──────── RECORDS SHOWN

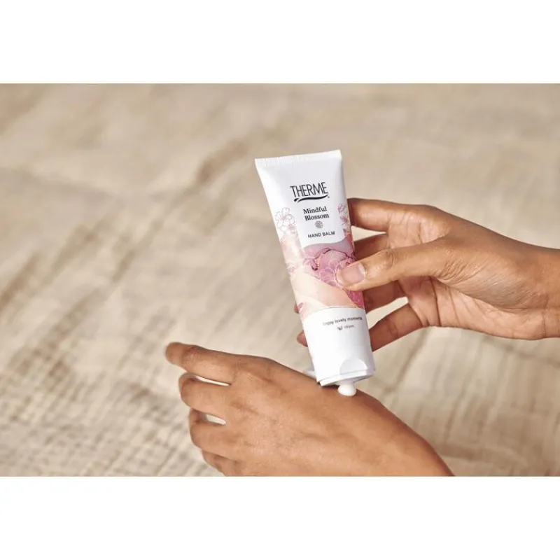 Therme Mindful Blossom Hand Balm is een luxe balsem die de handen hydrateert, verzorgt en langdurig parfumeert. De balsem smeert makkelijk uit, trekt snel in en laat een verzorgend laagje achter op de huid. Geniet van de verfijnde geur van bloesem en pioenroos gecombineerd met delicaat lentefruit en een vleugje cederhout.
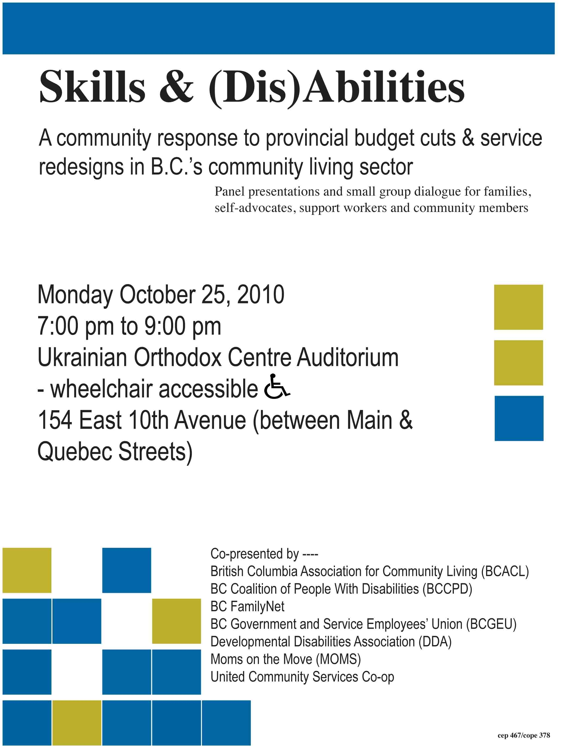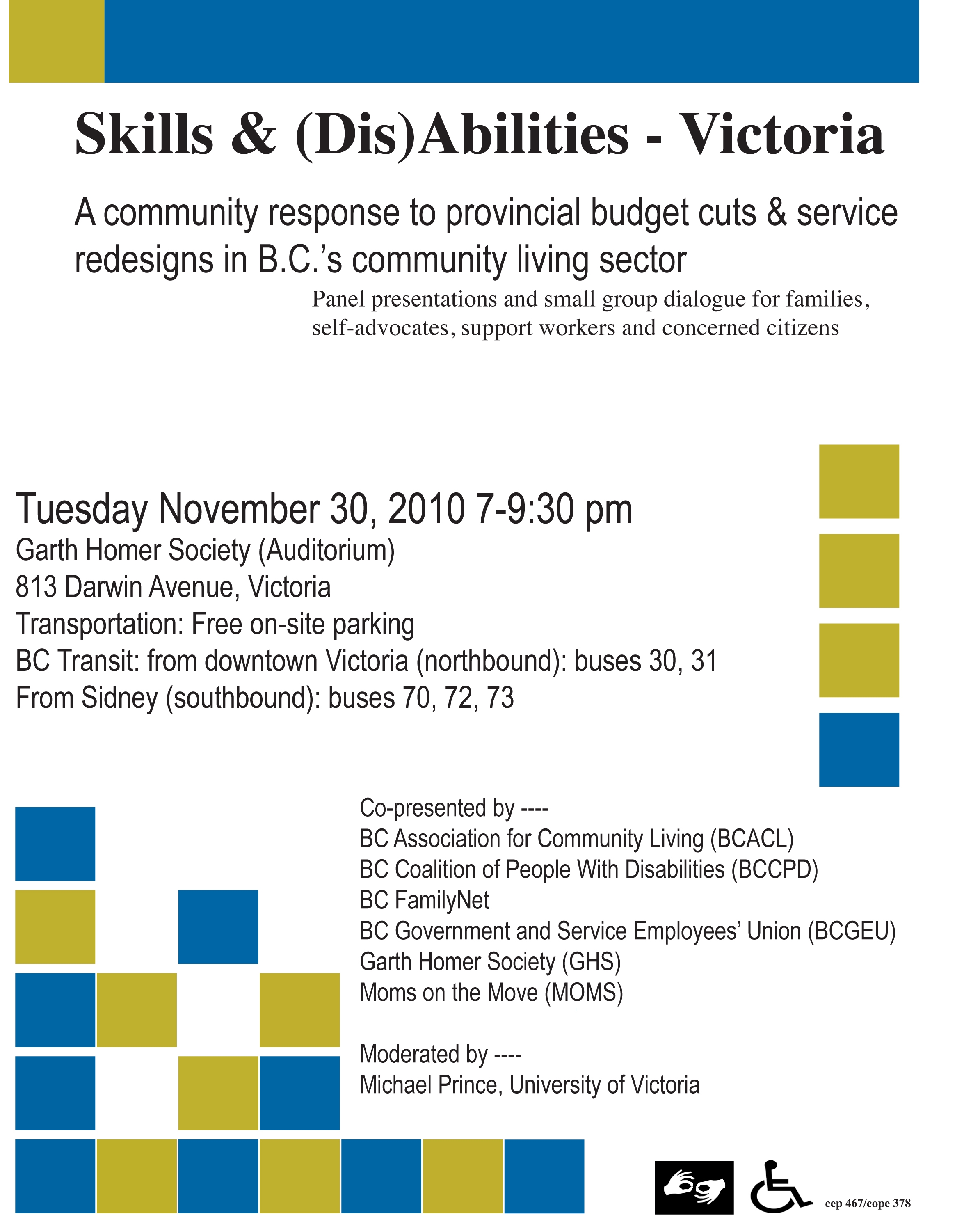 A summary of the meetings – including panellist’s remarks, group dialogue sessions, and recommendations – is detailed in the report: Reaching Out/Weighing In: Report on the Skills & (Dis)Abilities Meetings to Address the Community Living Crisis in BC
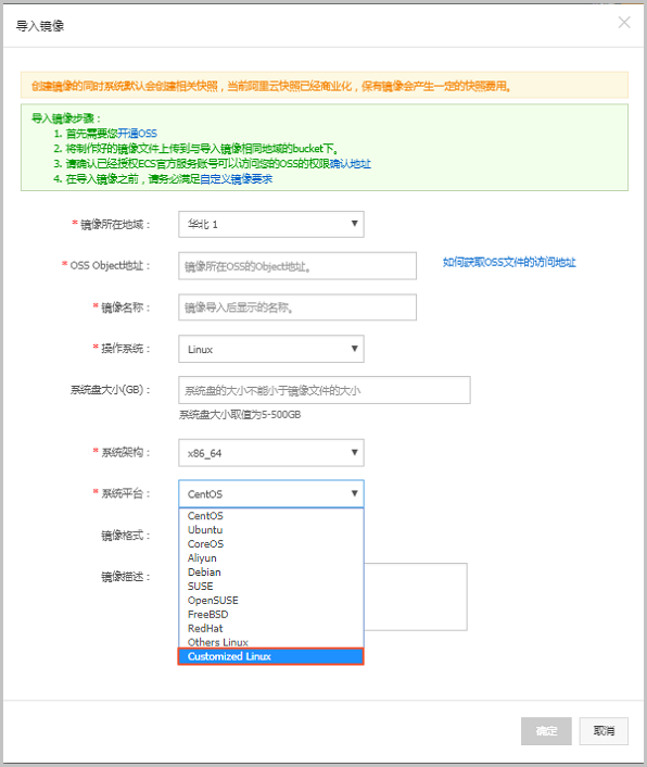 阿里云服务器 ECS支持您自行导入镜像使用。为了保证导入镜像的可用性,提高镜像导入效率,您需要在导入镜像时考虑限制条件。根据操作系统不同,如 Linux 系统 或者 Windows 系统,镜像文件的限制条件不同。本文凯铧互联讲述了阿里云服务器 ECS配置 Customized Linux 自定义镜像注意事项,当您的镜像操作系统不在阿里云所支持的已有平台类型中时,您可以在阿里云服务器 ECS 控制台导入镜像页面选择 Customized Linux(定制版镜像)的平台类型,如下图所示。
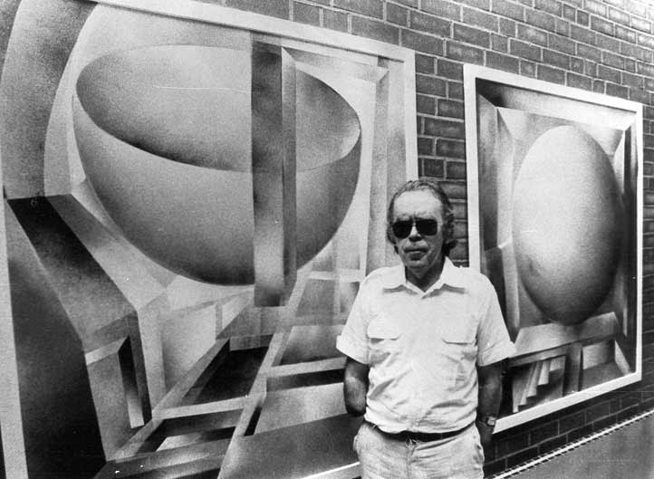 Neben dieser Arbeit mit Modellen benutzte mein Vater die Spritztechnik auch für abstrakte Darstellungen. Die Idee dazu kam ihm, als Sonnenlicht durch eine halbgeschlossene Jalousie fiel und ein Muster aus Licht und Schatten auf seinen Arbeitstisch zeichnete. Auf dieses Muster legte mein Vater gerade geschnittene Schablonen. Anschließend schuf er durch Besprühen mit Farbe ein geometrisches Abbild der Strukturen des Licht- und Schattenspiels, das er weiter bearbeitete.
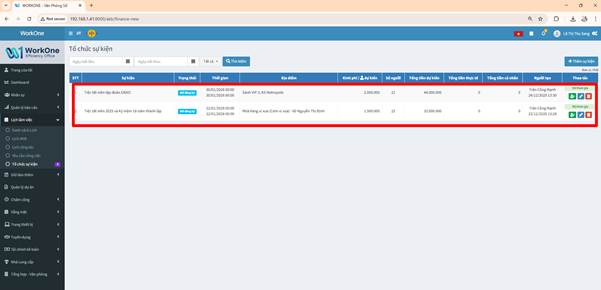 Màn hình Tổ chức sự kiện

────────────────

_WHAT IS EXPECTED:_ If an entry above holds a picture, leave that picture out and print the rest exactly.

_RESPONSE TO THE TASK:_
 Therme Mindful Blossom Hand Balm is een luxe balsem die de handen hydrateert, verzorgt en langdurig parfumeert. De balsem smeert makkelijk uit, trekt snel in en laat een verzorgend laagje achter op de huid. Geniet van de verfijnde geur van bloesem en pioenroos gecombineerd met delicaat lentefruit en een vleugje cederhout.
 A summary of the meetings – including panellist’s remarks, group dialogue sessions, and recommendations – is detailed in the report: Reaching Out/Weighing In: Report on the Skills & (Dis)Abilities Meetings to Address the Community Living Crisis in BC
 阿里云服务器 ECS支持您自行导入镜像使用。为了保证导入镜像的可用性,提高镜像导入效率,您需要在导入镜像时考虑限制条件。根据操作系统不同,如 Linux 系统 或者 Windows 系统,镜像文件的限制条件不同。本文凯铧互联讲述了阿里云服务器 ECS配置 Customized Linux 自定义镜像注意事项,当您的镜像操作系统不在阿里云所支持的已有平台类型中时,您可以在阿里云服务器 ECS 控制台导入镜像页面选择 Customized Linux(定制版镜像)的平台类型,如下图所示。
 Neben dieser Arbeit mit Modellen benutzte mein Vater die Spritztechnik auch für abstrakte Darstellungen. Die Idee dazu kam ihm, als Sonnenlicht durch eine halbgeschlossene Jalousie fiel und ein Muster aus Licht und Schatten auf seinen Arbeitstisch zeichnete. Auf dieses Muster legte mein Vater gerade geschnittene Schablonen. Anschließend schuf er durch Besprühen mit Farbe ein geometrisches Abbild der Strukturen des Licht- und Schattenspiels, das er weiter bearbeitete.
 Màn hình Tổ chức sự kiện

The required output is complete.